Being mechanically connected to the parallelogram assemblies 58 and the 
mounting bracket 60, the entire optical assembly 54 becomes automatically 
aligned with the bore axis 24 of the rifle when the contact bar 62 is 
positioned on the "true" surface of the front (or rear) scope base 22. The 
purpose of the parallelogram assemblies 58 is to give the optical assembly 
54 freedom of movement along the vertical plane extending through the bore 
axis 24 while remaining aligned with the bore axis 24 of the rifle 12 and 
maintaining automatic alignment with the bore axis of the scope. This 
freedom of movement of the mounted optical assembly 54 allows for 
automatic alignment between the bore axis of the mounted scope and the 
front opening 82 of the optical assembly 54, regardless of the distance 
between the bore axis of the mounted scope 10 and the barrel 14 of the 
rifle 12. 
As shown in FIG. 5 and 8, a contact foot 80 is preferably provided below 
the optical assembly 54 (or the collar 71 of FIG. 10) to assist in 
supporting the aligned optical assembly 54 while mounted to the rifle. The 
contact foot 80 includes an inverted "V" shaped groove which automatically 
engages and centers the rifle barrel 14. 
Referring to FIGS. 5 and 6, the optical assembly 54 includes an elongated 
housing 81 having a front opening 82 and a rear opening 84, a lens 86, a 
translucent reticle screen 88 and a translucent frosted screen 90. The 
lens 86 is mounted within the housing across the front opening 82. The 
frosted screen 90 is mounted within the housing 81 across the rear opening 
84. The reticle screen 88 is mounted within the housing 81 between the 
lens 86 and the frosted screen 90 within the focal plane of the lens 86. 
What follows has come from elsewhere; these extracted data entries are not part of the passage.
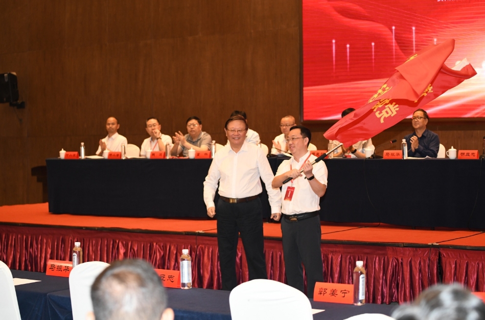 启动仪式上,明立志向遵义融媒传媒(集团)有限公司党委书记、董事长龚小松授旗。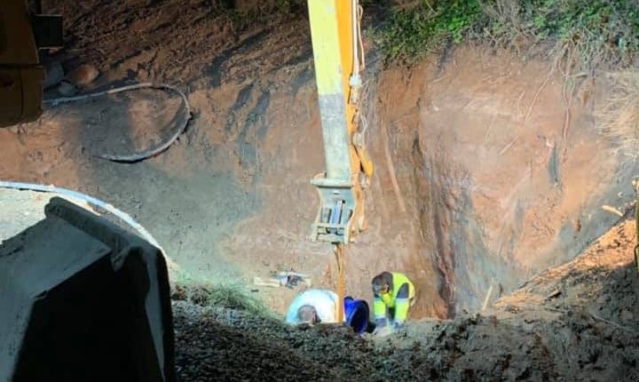 Durante toda la noche, los operarios de la empresa de agua estuvieron trabajando para poder darle una solución lo más rápida posible.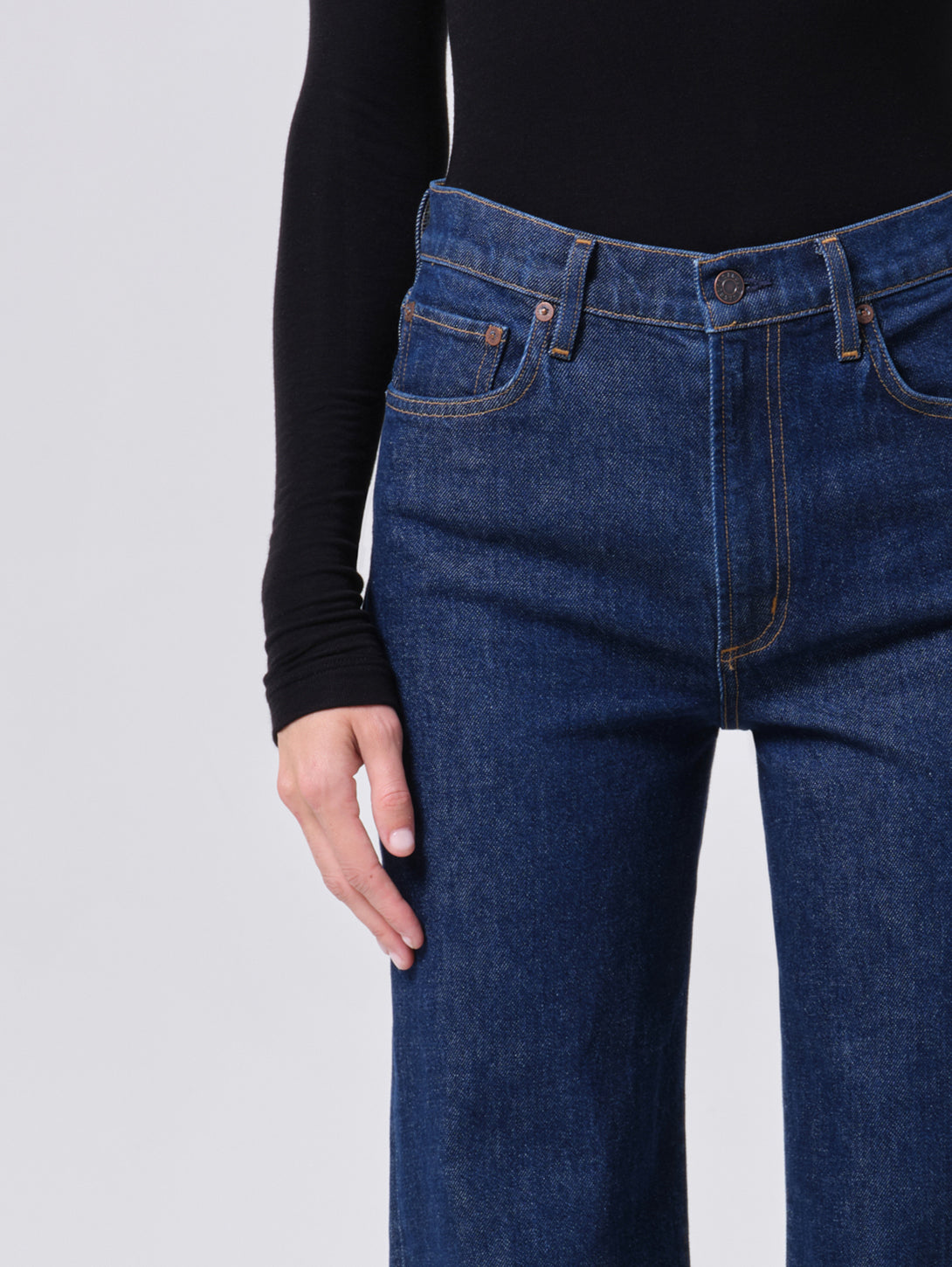 The Harper is crafted from regenerative cotton with just the right amount of stretch for comfort. Featuring a relaxed mid-rise fit, it has a flattering square top block and a straight leg. Made in dark, clean rinse indigo denim, it offers a deep, rich color with a smooth, polished finish. A versatile piece that pairs effortlessly with everything from casual tees to elevated tops.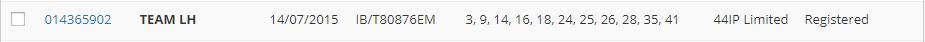 ▲ 汉密尔顿名下44IP申请注册的“TEAM LH”欧盟商标信息(来源:EUIPO)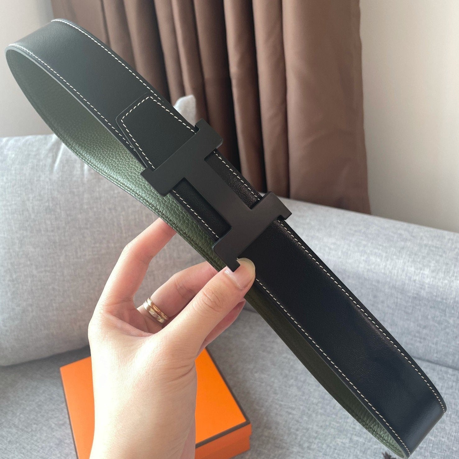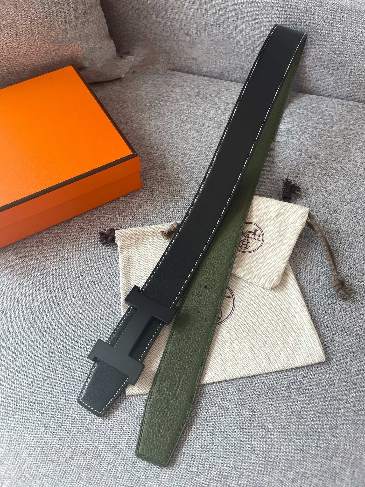 H CONSTANCE REVERSIBLE BELT 38MM BLACK BUCKLE BLACK GREEN LEATHER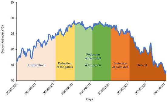 The study results indicated that in 5.5/8 months of the phenological cycle, the cultivators work under extreme thermal conditions. As expected in our hypothesis, the humidity was not a dominant climatic aspect in this period. Above the 25 °C, human discomfort increases, and humans become extremely uncomfortable when temperatures inside the palm grove reach 30 °C or slightly more.
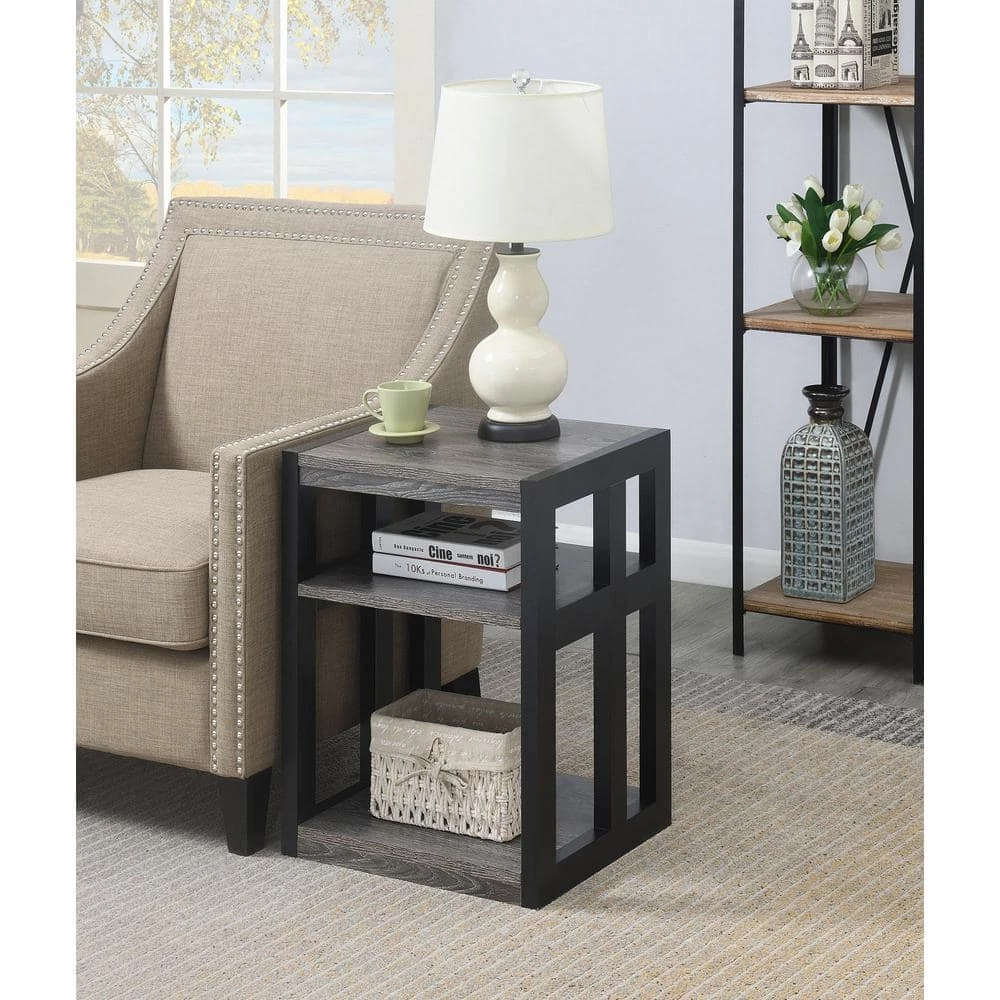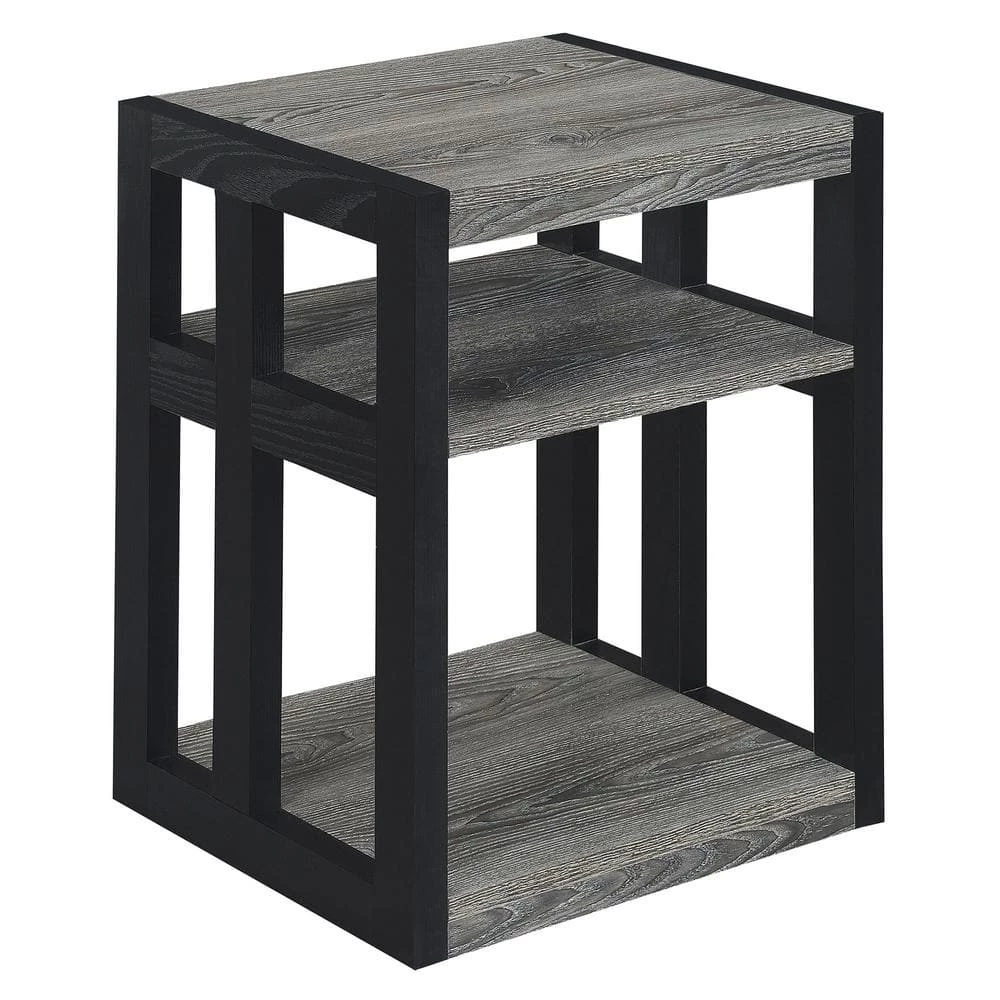 With a clean line silhouette; the Monterey 3-Tier End Table by Convenience Concepts is the perfect addition to your living space. Its stylish contemporary design will refresh your home decor. With three tiers; this unit will optimize both your storage and display space. Its tiers are ample enough for your favorite lamp; a book and a woven storage basket to keep all your living room essentials within reach. Fashioned from particle board and finished with a rich melamine veneer; makes it easy to maintain and long lasting. Its unique side frame design makes this item a must have piece. Do not wait. Bring home this beautiful accent table today. The clear and simple assembly instructions only require a total of 4-steps; making sure you enjoy this furniture just minutes after delivery. Love this design. Complete the look with the Monterey Square Coffee Table and the Monterey Console Table by Convenience Concepts. Each sold separately.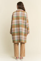 WOMEN'S MULTI COLOR PLAID DOUBLE BUTTON DOWN V NECK FRONT POCKETS COAT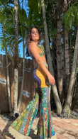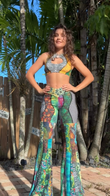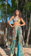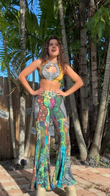 Colorful Patchwork Print Crop Top & Flare Pants Set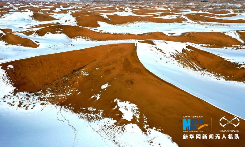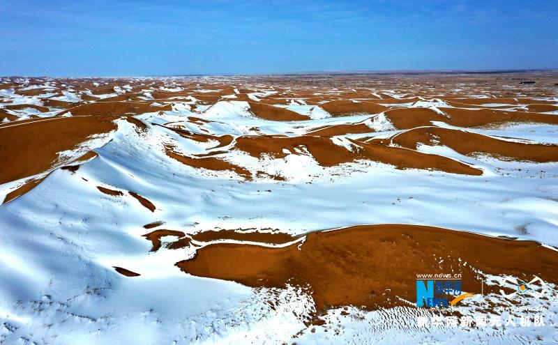 近日,一場降雪將甘肅省武威市民勤縣境內(nèi)的騰格里沙漠裝扮得分外妖嬈,黃沙白雪相互交融,宛如一幅壯美畫卷在天地間鋪展。新華網(wǎng)發(fā)(馬愛彬 攝)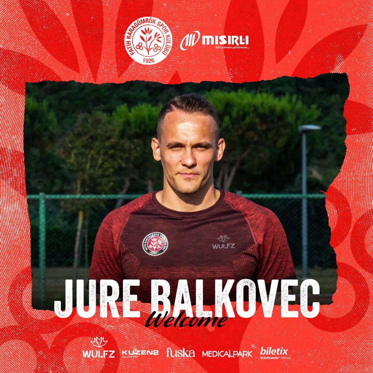 Kırmızı-siyahlı kulüpten yapılan açıklamada, “Kulübümüz, 2020-2021 ve 2021-2022 dönemlerinde formamızı giyen deneyimli sol bek Jure Balkovec ile 2+1 yıllık mukavele imzaladı. Son üç dönemini geçirdiği Alanyaspor’da 91 maça çıkan Balkovec 10 gol, 5 asistlik performans sergiledi. Slovenya Ulusal Grubu ile de 38 müsabakada misyon yapan oyuncumuza, ailemize tekrar güzel geldin diyor, muvaffakiyetler diliyoruz” denildi.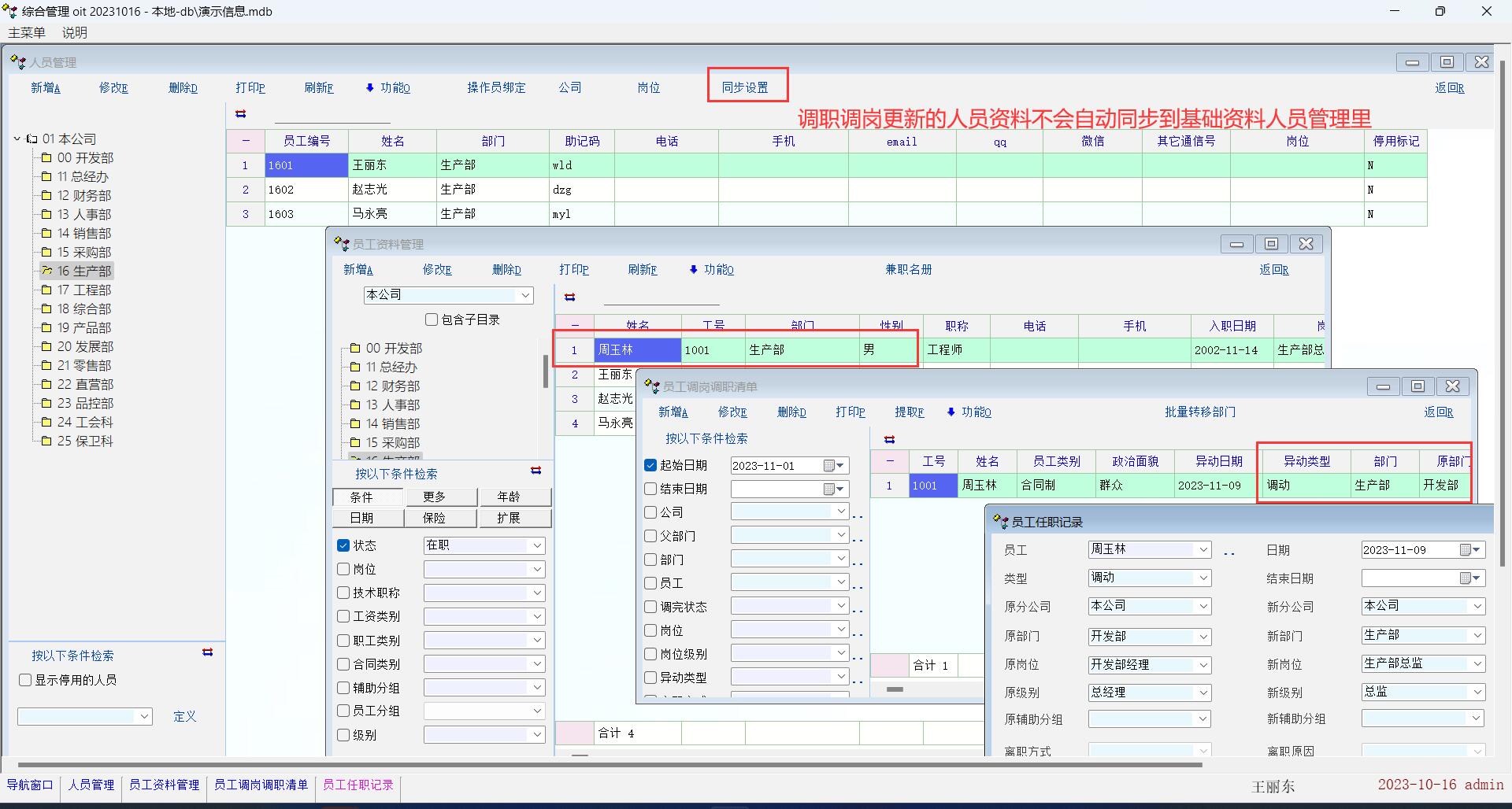 如果是人员资料里直接修改就自动同步,调职调岗编辑记录就不同步,要基础资料--部门人员同步设置里点一下“进行同步”,才会同步,有些不方便;

Once properly positioned on the rifle, as described below, the optical 
assembly 54 of the alignment device 50 illuminates an aligned reticle 
pattern 92 which may be viewed through the telescopic sight 10. The 
reticle pattern 92 is located on the translucent reticle screen 88. 
Ambient light enters the housing 81 from the rear opening 84 and is 
diffused by the frosted translucent screen 90. The diffused light 
illuminates the reticle pattern 92. The image of the reticle pattern 92 
passes through the lens 86 to be viewed by the user through the telescopic 
sight 10. 
The user may easily align either the horizontal or the vertical cross hair 
of the mounted telescopic sight 10 with the superimposed "true" reticle 
pattern 92 so that the cross hairs of the telescopic sight become "true" 
with respect to the bore axis 24 of the rifle 12.